Affected target analysis

A question that naturally arises when interacting with pull requests is “What does this change affect?”. It’s pretty easy to get Git to tell us¹ what files were altered between two commits but if you answered that question with the list of modified files your interlocutor would probably roll their eyes at you. Clearly, not all files are equal in significance: A change to a README probably merits less scrutiny & testing than a change to a unit test and changes to either of those are less significant (in some sense) than a change to a core behavioral library or user-facing API. Sometimes the connection between a critical component and a file-level diff can be much harder to understand: An edit to a build script, or a change to toolchain, or rolling the URI pointing to a pinned dependency could all cause changes of great significance in ways that are less obvious than an edit to important_library.cc.

Fortunately, Bazel both has a holistic view of all of these relationships in a project and provides nice query mechanisms for us to be able to answer our original question.
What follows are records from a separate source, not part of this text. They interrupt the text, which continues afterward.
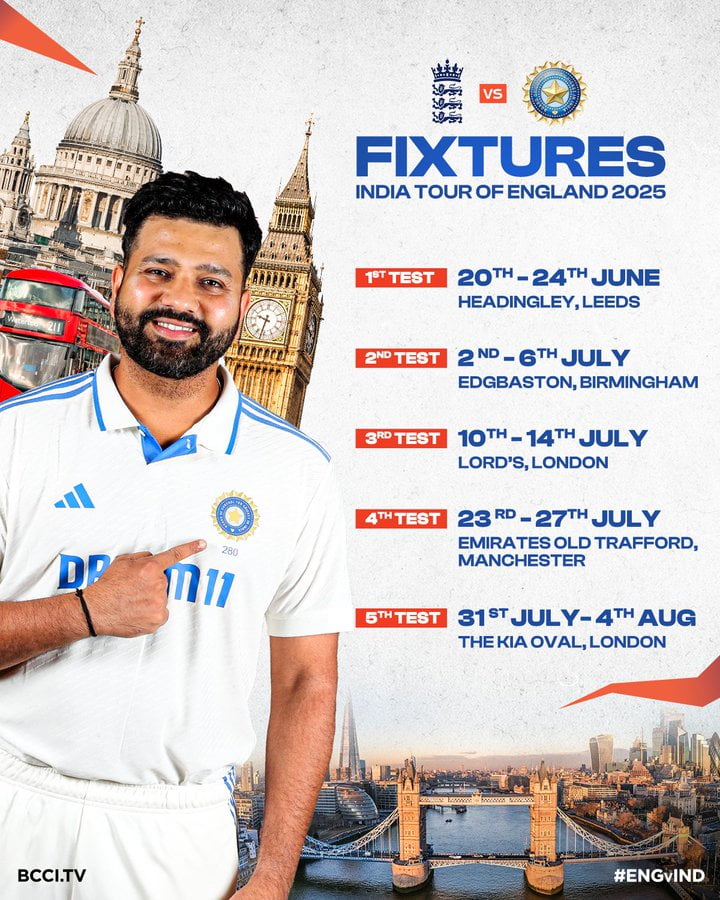 ಆನಂತರ ಭಾರತ ಹಾಗೂ ಇಂಗ್ಲೆಂಡ್ ವಿರುದ್ಧದ ಟೆಸ್ಟ್ ಸರಣಿ (Ind vs Eng Test series) ಆರಂಭವಾಗಲಿದೆ. ಎರಡೂ ತಂಡಗಳಿಗೂ ಇದು 4ನೇ ಆವೃತ್ತಿಯ ವಿಶ್ವ ಟೆಸ್ಟ್ ಚಾಂಪಿನ್ ಶಿಪ್ ಋತುವಿನ (2025-27) ಮೊದಲ ಸರಣಿಯಾಗಿರಲಿದೆ. ಎರಡೂ ತಂಡಗಳ ವಿರುದ್ಧ 5 ಟೆಸ್ಟ್ ಪಂದ್ಯಗಳು ನಡೆಯಲಿವೆ. 1 ತಿಂಗಳ ಕಾಲ ಈ ಸರಣಿ ನಡೆಯಲಿದೆ.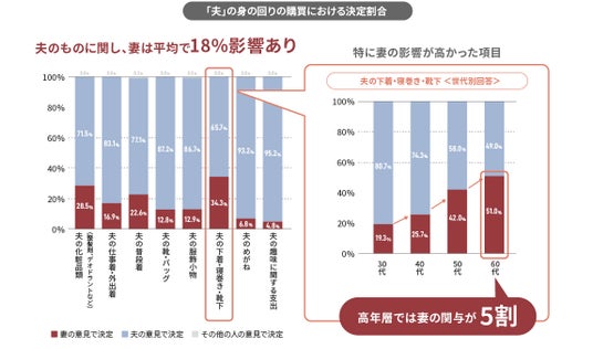 - 夫の下着・寝巻き・靴下: 30代では夫主導が中心ですが、60代になると妻の意見で決定する割合が51.0%と半数を超えています。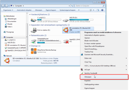 De virtuele dvd-speler met ‘daarin’ de inhoud van het iso-bestand vindt u terug in Verkenner, bijvoorbeeld via Start, (Deze) Computer. U kunt de virtuele schijf gebruiken zoals u een normale cd of dvd gebruikt. Als het iso-bestand een dvd-film bevat, kunt u hem afspelen met uw dvd-afspeelsoftware. Wanneer u een installatie-cd hebt geladen, kunt u de software nu installeren. De koppeling met het iso-bestand is na gebruik eenvoudig op te heffen. Klik met rechts op de virtuele dvd-speler en kies Uitwerpen. Bij een fysieke dvd-speler gaat in dit geval de lade open, zodat u het schijfje kunt uitnemen en eventueel een nieuwe plaatsen. Bij onze virtuele speler wordt alleen de koppeling met het iso-bestand verbroken. U kunt eenvoudig een nieuw iso-bestand koppelen of de virtuele speler laten voor wat hij is, tot u in de toekomst zijn diensten nog eens nodig hebt.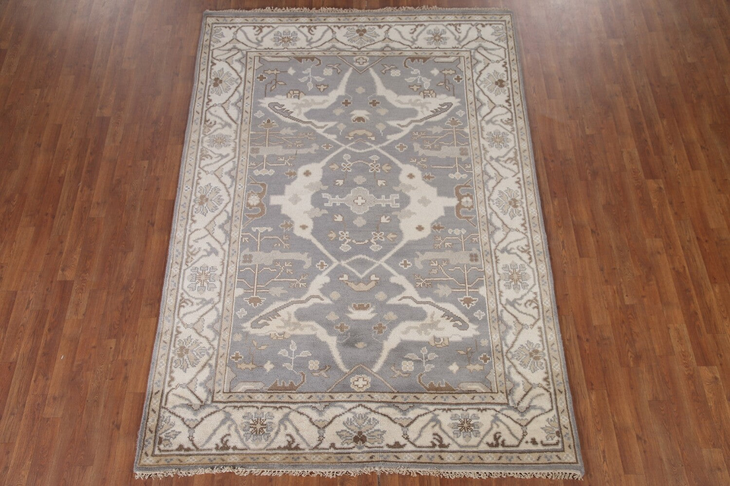 Handmade Gray Oushak Wool Area Rug 6x9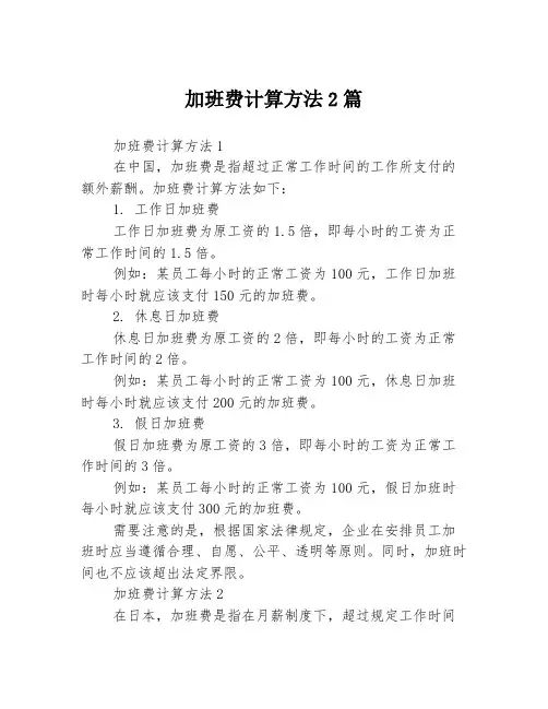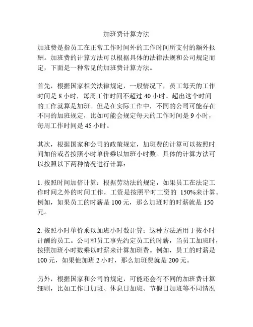 二、按小时计算法按小时计算法是根据员工实际加班时长来计算加班费。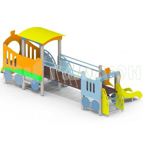 Поїзд з вагончиком призначений для сюжетно-рольових ігор на дитячому майданчику. Основна категорія дітей, на яку він розрахований, діти від 3 до 6 років. Дитяча гірка має захисні бортики висотою 10 см. Дана модель розвиває уяву і фантазію у дітей.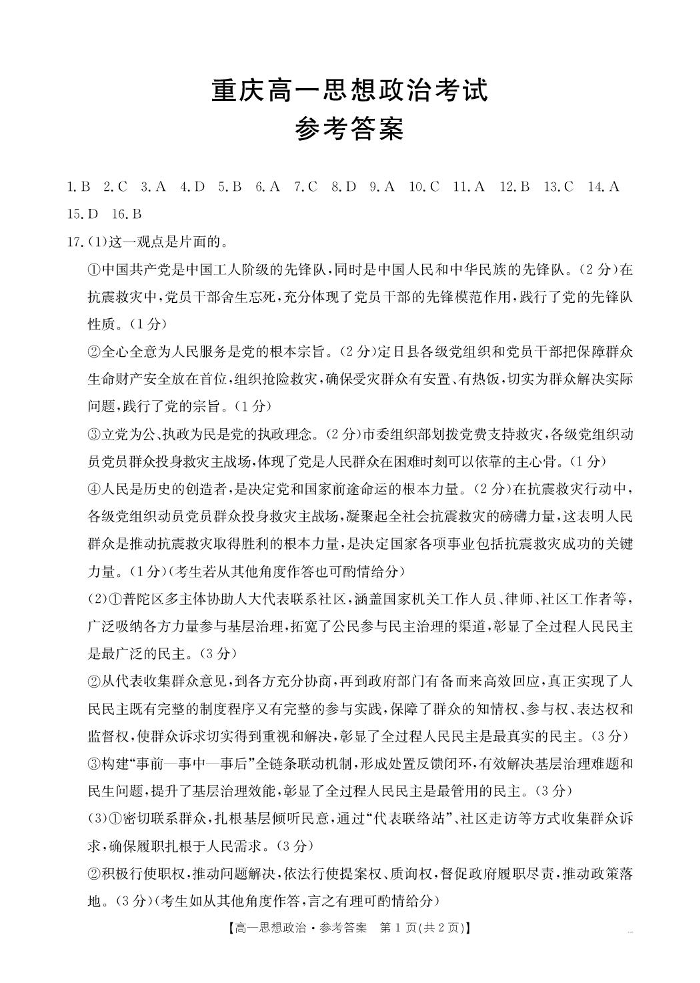 重庆市万州第三中学等多校联考2024-2025学年高一下学期5月月考试题政治答案
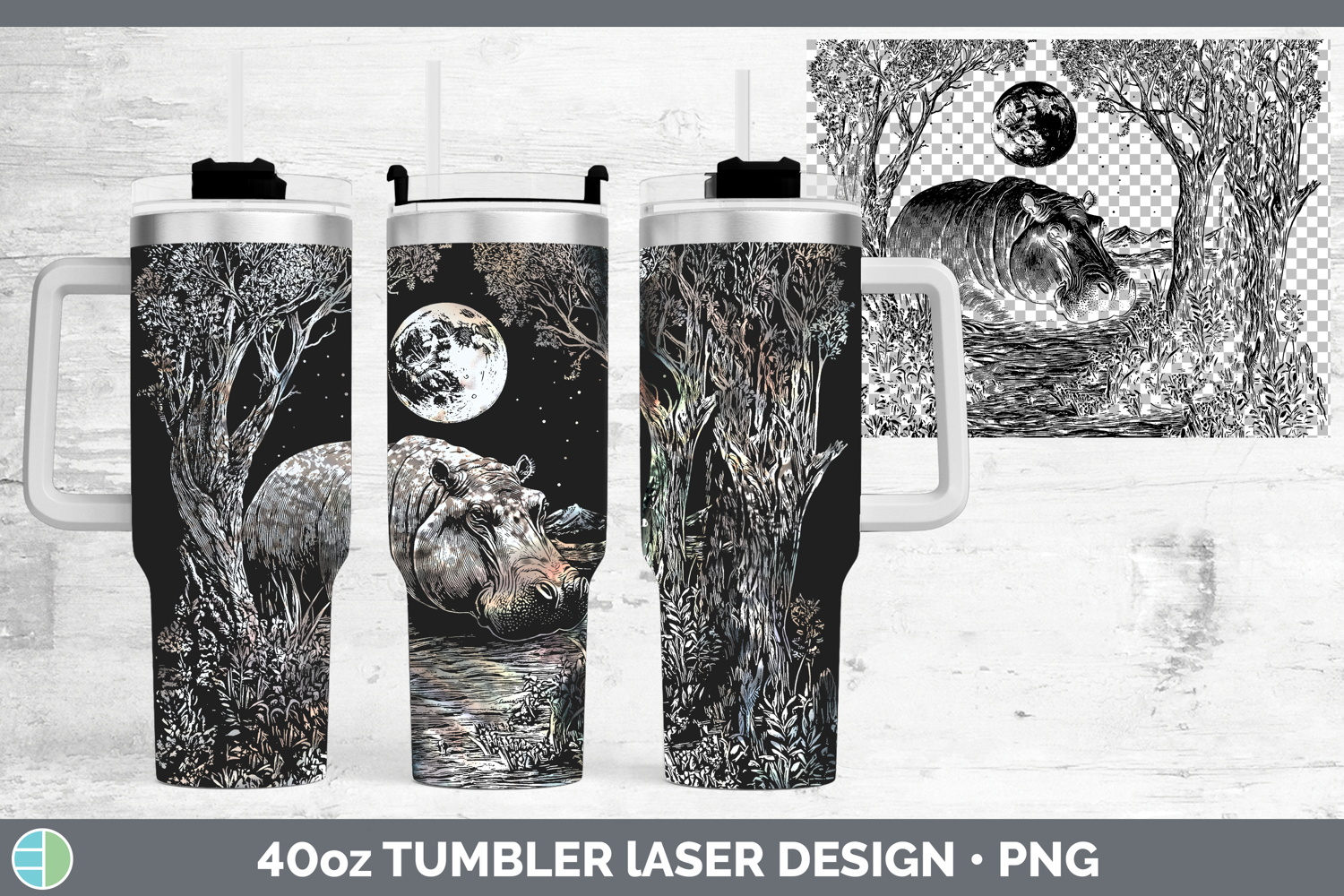 Hippo Safari Moon Laser 40oz Tumbler Sublimation Design

The bulk of this analysis is powered by the excellent bazel-diff tool.

bazel-diff is quite easy to set up & use², so we’ll assume we’ve already run it against two commits and have written the list of affected targets to affected_targets.txt. The contents of that file are a list of canonicalized label names, one per line, looking something like:

//foo:bar
//foo:foo
//foo/baz:qux
//spam/ham:breakfast
<typically many more lines...>

In case you are not already familiar with bazel-diff the property of “being affected” propagates through dependencies: If target A is affected and target B depends on target A then target B will also be considered to be affected, and so on transitively³.

Great, now we know everything that Bazel thinks has been potentially affected and we’ve answered the original question. But what do we do with that information? It turns out the question we’re usually actually interested in isn’t “What has been affected?” (a set of targets) but instead “Has anything important been affected?” (a simple yes/no).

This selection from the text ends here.